→ **Activity**:
Word for word, copy out the data below, omitting pictures.

→ **Collected data**:
-----
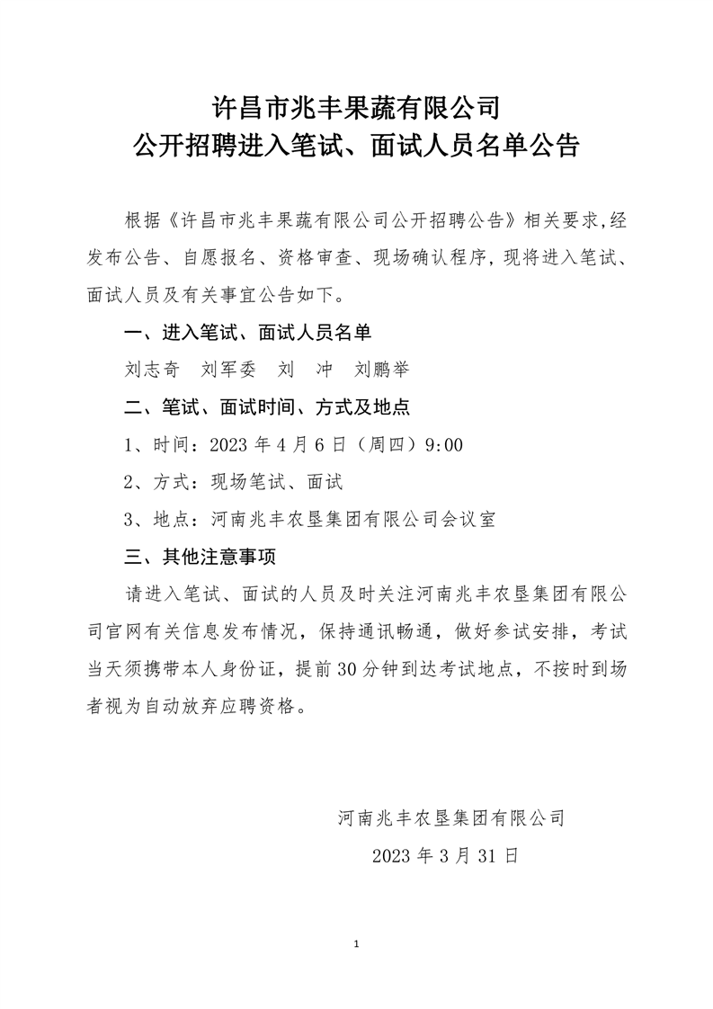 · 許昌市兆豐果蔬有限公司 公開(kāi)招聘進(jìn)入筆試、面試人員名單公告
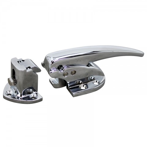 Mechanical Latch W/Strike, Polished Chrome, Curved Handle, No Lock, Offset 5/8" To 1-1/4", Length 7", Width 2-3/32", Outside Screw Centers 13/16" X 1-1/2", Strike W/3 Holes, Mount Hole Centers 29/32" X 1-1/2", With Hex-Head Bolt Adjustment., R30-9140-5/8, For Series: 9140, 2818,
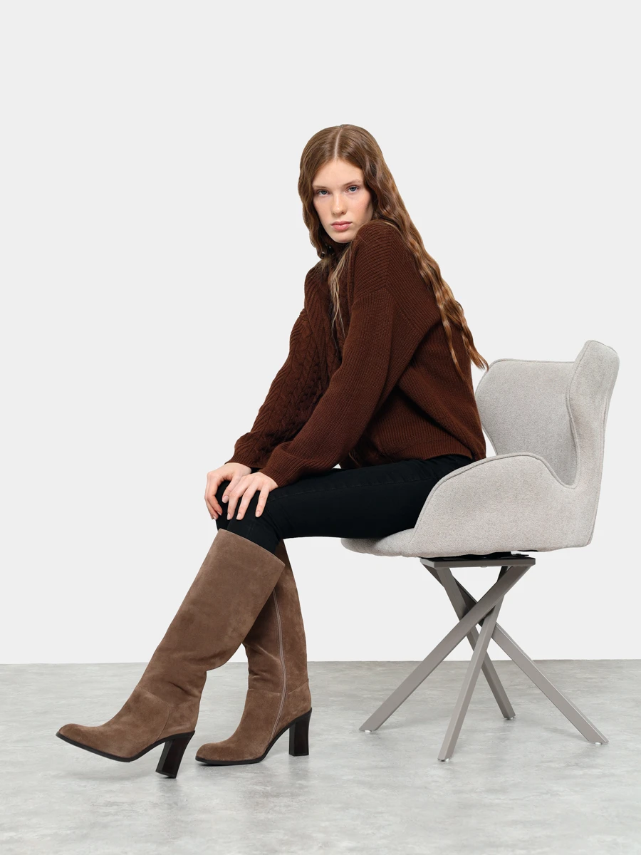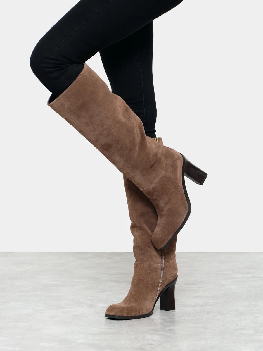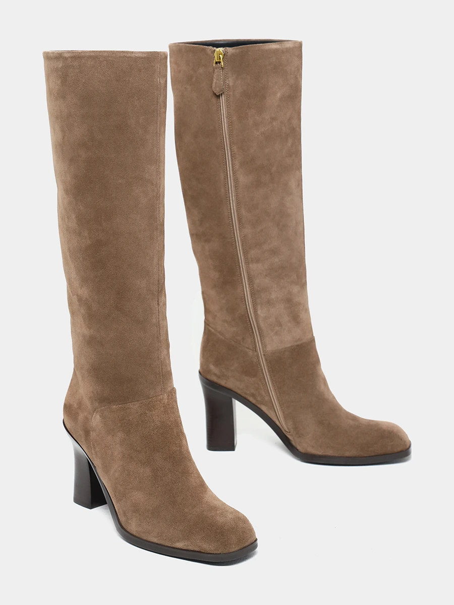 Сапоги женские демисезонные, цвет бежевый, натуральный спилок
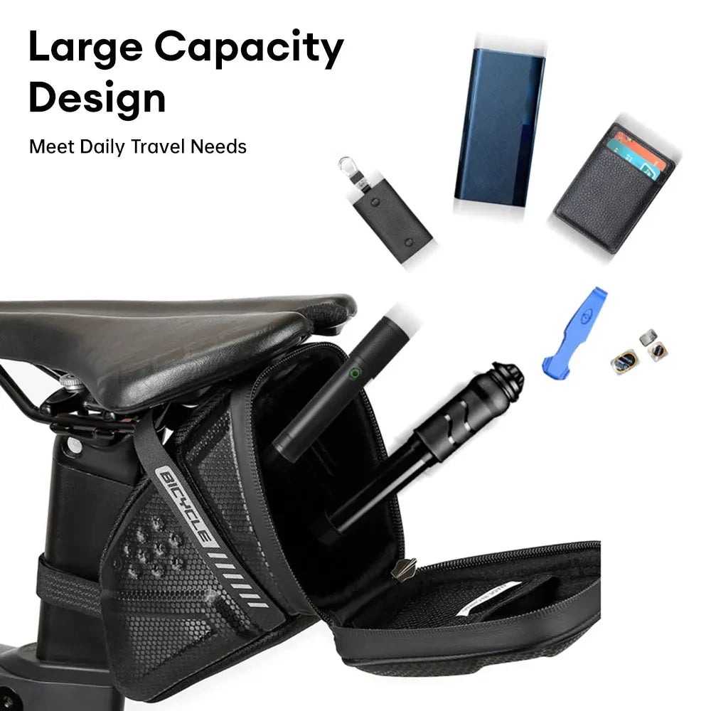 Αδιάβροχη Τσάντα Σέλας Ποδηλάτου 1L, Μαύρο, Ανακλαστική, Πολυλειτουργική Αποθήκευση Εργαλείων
-----
→ **Solved problem**:
 · 許昌市兆豐果蔬有限公司 公開(kāi)招聘進(jìn)入筆試、面試人員名單公告
 Mechanical Latch W/Strike, Polished Chrome, Curved Handle, No Lock, Offset 5/8" To 1-1/4", Length 7", Width 2-3/32", Outside Screw Centers 13/16" X 1-1/2", Strike W/3 Holes, Mount Hole Centers 29/32" X 1-1/2", With Hex-Head Bolt Adjustment., R30-9140-5/8, For Series: 9140, 2818,
 Сапоги женские демисезонные, цвет бежевый, натуральный спилок
 Αδιάβροχη Τσάντα Σέλας Ποδηλάτου 1L, Μαύρο, Ανακλαστική, Πολυλειτουργική Αποθήκευση Εργαλείων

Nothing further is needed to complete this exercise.